*** Opening STORED DATA ***

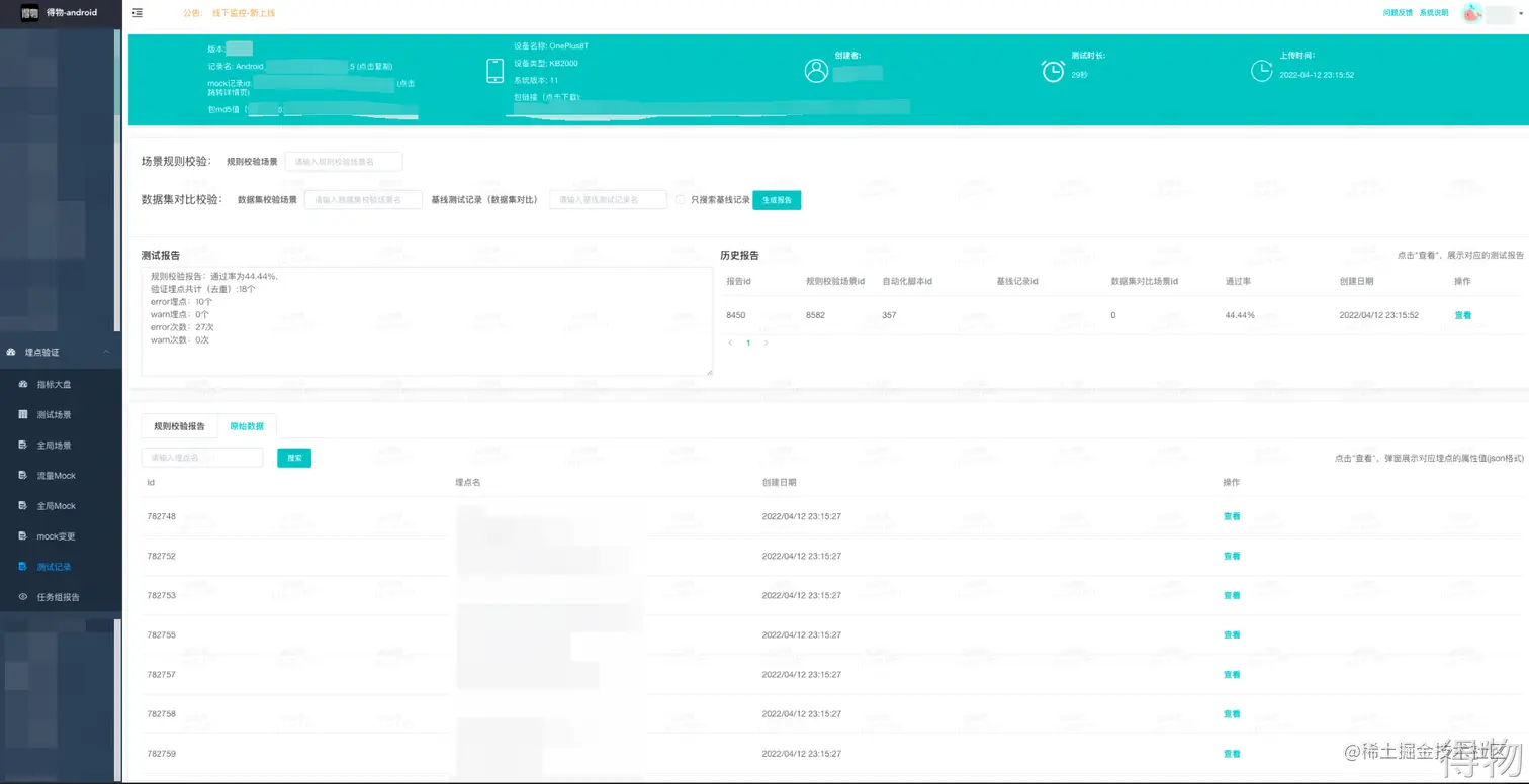 - 验证报告:即测试记录和测试场景的结合产物,包含了所有异常埋点的具体异常信息。
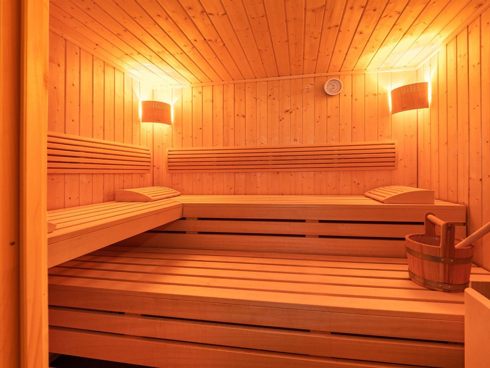 Nach einem erlebnisreichen Tag sorgt die Sauna, die mit dem Rubrum Chalet geteilt wird, für Entspannung und Wohlbefinden.
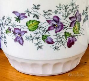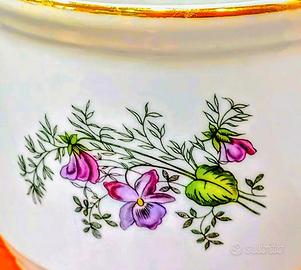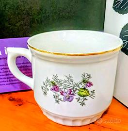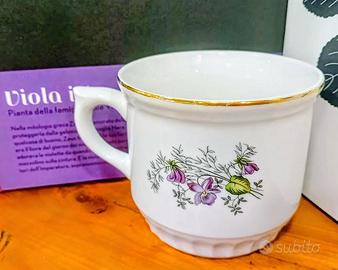 Tazza solida e capiente in porcellana dura con violette in transferware Marchio Dubi, Czechoslovakia . Ottime condizioni. Bordo cm 10 altezza cm 9
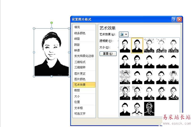7、切換到藝術(shù)效果選項卡,設(shè)置藝術(shù)效果為第一行第二個,并設(shè)置透明度為100%,大小為100.
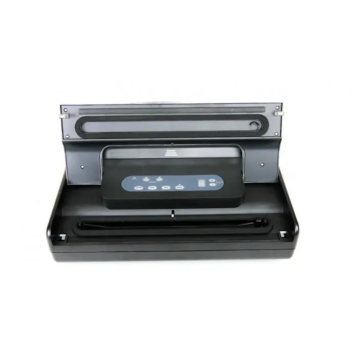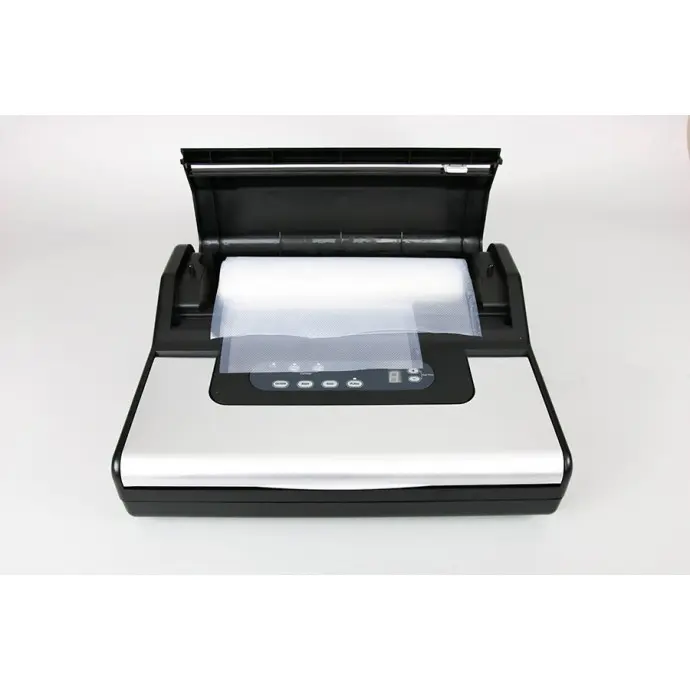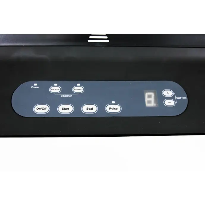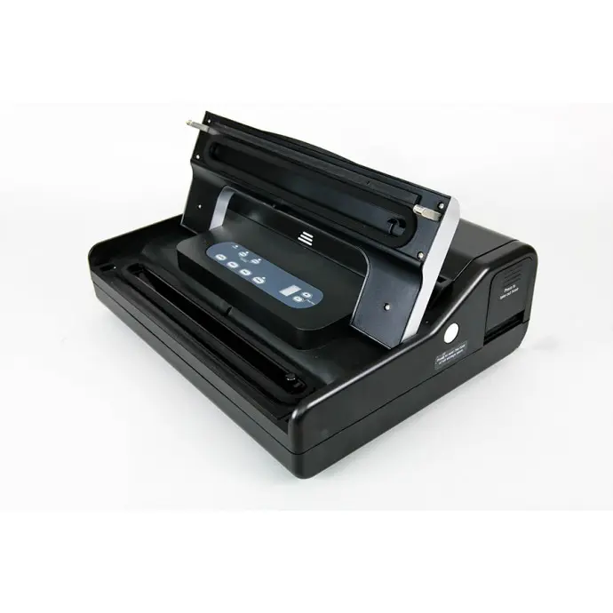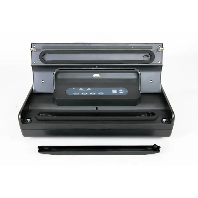 The all-in-one sealing system: includes a built-in roll dispenser with cutter, and built in vacuum hose with storage compartment (hose and adaptor included). Seals textured vacuum bags up to 12.2” wide. Easy snap close and seal operation with digital display and adjustable vacuum and seal time. Special design prevents liquid from entering pump, and removable sauce tray makes clean up easy.

*** Closing STORED DATA ***

AIM OF THE EXERCISE: Transcribe each entry precisely as given, leaving the pictures out.

SOLUTION TO THIS PROBLEM:
 - 验证报告:即测试记录和测试场景的结合产物,包含了所有异常埋点的具体异常信息。
 Nach einem erlebnisreichen Tag sorgt die Sauna, die mit dem Rubrum Chalet geteilt wird, für Entspannung und Wohlbefinden.
 Tazza solida e capiente in porcellana dura con violette in transferware Marchio Dubi, Czechoslovakia . Ottime condizioni. Bordo cm 10 altezza cm 9
7、切換到藝術(shù)效果選項卡,設(shè)置藝術(shù)效果為第一行第二個,并設(shè)置透明度為100%,大小為100.
 The all-in-one sealing system: includes a built-in roll dispenser with cutter, and built in vacuum hose with storage compartment (hose and adaptor included). Seals textured vacuum bags up to 12.2” wide. Easy snap close and seal operation with digital display and adjustable vacuum and seal time. Special design prevents liquid from entering pump, and removable sauce tray makes clean up easy.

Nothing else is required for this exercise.